• **Entries taken from a collection**:
################
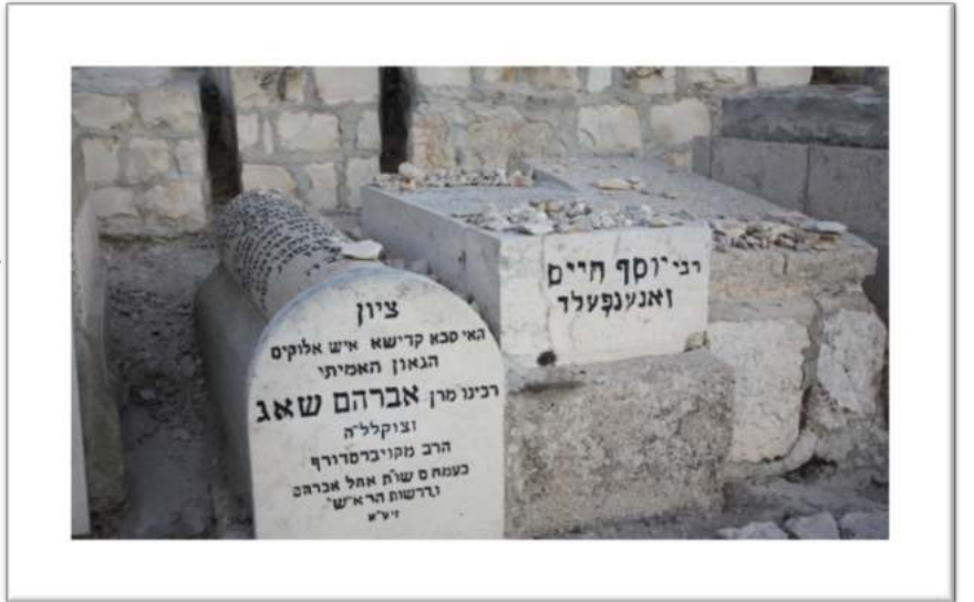
מתורתו של רבינו
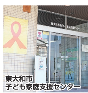
東大和市 子ども家庭支援センター

▽問合せ 子ども家庭支援センター ☎042-565-365 1まで。 ● 乳幼児を家に置いたまま保護者が外出している。 ● 子どものけがについて保護者が不自然な説明をする。 ▽連絡先 ● 子ども家庭支援センター ☎042-565-365 1 ● 児童相談所全国共通ダイヤル「189」(189(いちひやくはやく))は24時間最寄りの児童相談所につながります。 ▽問合せ 子ども家庭支援センター ☎042-565-365 1まで。
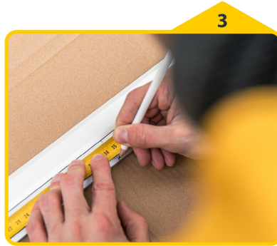
3 Kürzungsmaße auf die Rahmenprofile übertragen.
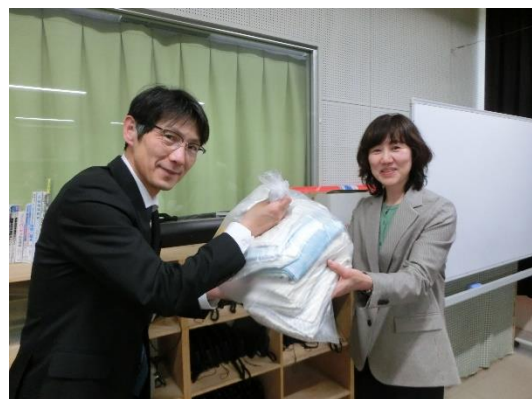
大安寺婦人会の皆様から雑巾の寄贈
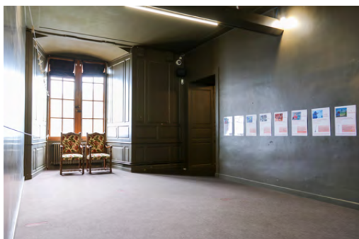
aile sud, chambre 1, mur ouest, avant travaux
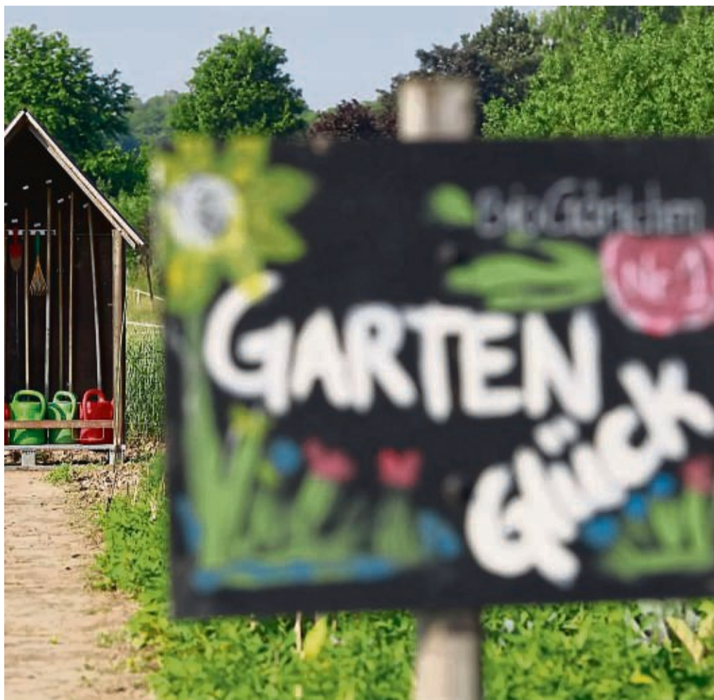
Es ist für viele ein Traum: Ein großer Garten, über den man sich nahezu komplett versorgen kann.

Dazu kommen Gänse, Hühner, Bienen und Kaninchen – wobei letztere nicht mehr ge-
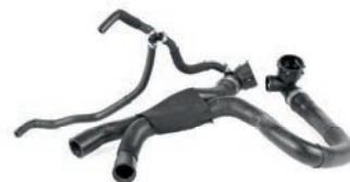
MANGUEIRA INFERIOR E SUPERIOR DO RADIADOR

GOLF TSI 1.4 L 16V L4 (EA211) GASOLINA 13/20 JETTA TSI 1.4 L 16V L4 (EA211) GASOLINA 19/23
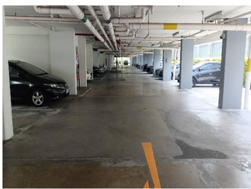
รูปที่ 1-1 สภาพภายในพื้นที่โครงการ
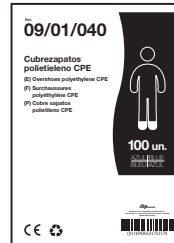
EJEMPLO DE PRESENTACIÓN
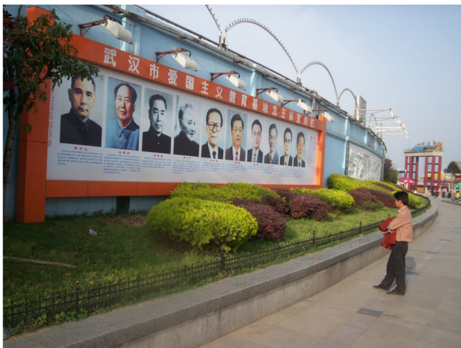
中国特色爱国主义教育：龙王庙前到过此地视察过抗洪事业的党和国家领导人片
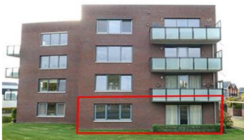
Asterstraat 100 t/m 114
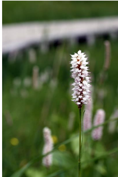
7/4 イブキトラノオ (戦場)
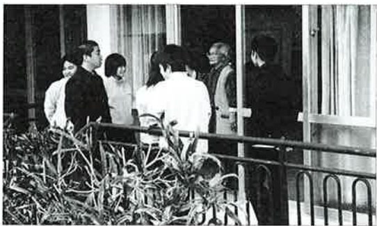
▲地元生徒が訪問しプレゼント

山田中学校生徒会では、区内で一人暮らしの老人らに三学期に入って生徒や職員らの協力で種から大切に育ててきたインパチの花を二月中旬から下旬にかけてプレゼントしました。 同校では、これまでに一人暮らしの老人に敬老の日のお祝いの葉書や年賀状を贈っており、今回の花のプレゼントは同じ地域内に住む生徒達が生徒指導の担当教諭と一緒に、校区内の区長さんにも協力していただき、これまで大事に育ててきた花を放課後を利用して届けました。 生徒指導の担当教諭は、地元で一人暮らしの方々との交流できるいい機会になりますと話していました。また、花を届ける際には恥ずかしが
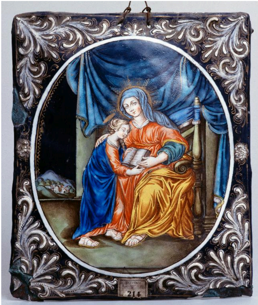
Vue générale, tableau de l'Education de la Vierge.
################
Transcribe exactly the lines above, beginning at the one with "Dazu kommen Gänse, Hühner, Bienen" and going up to and including the one with "EJEMPLO DE PRESENTACIÓN". Pictures do not belong in the copy.

Dazu kommen Gänse, Hühner, Bienen und Kaninchen – wobei letztere nicht mehr ge-
MANGUEIRA INFERIOR E SUPERIOR DO RADIADOR

GOLF TSI 1.4 L 16V L4 (EA211) GASOLINA 13/20 JETTA TSI 1.4 L 16V L4 (EA211) GASOLINA 19/23
รูปที่ 1-1 สภาพภายในพื้นที่โครงการ
EJEMPLO DE PRESENTACIÓN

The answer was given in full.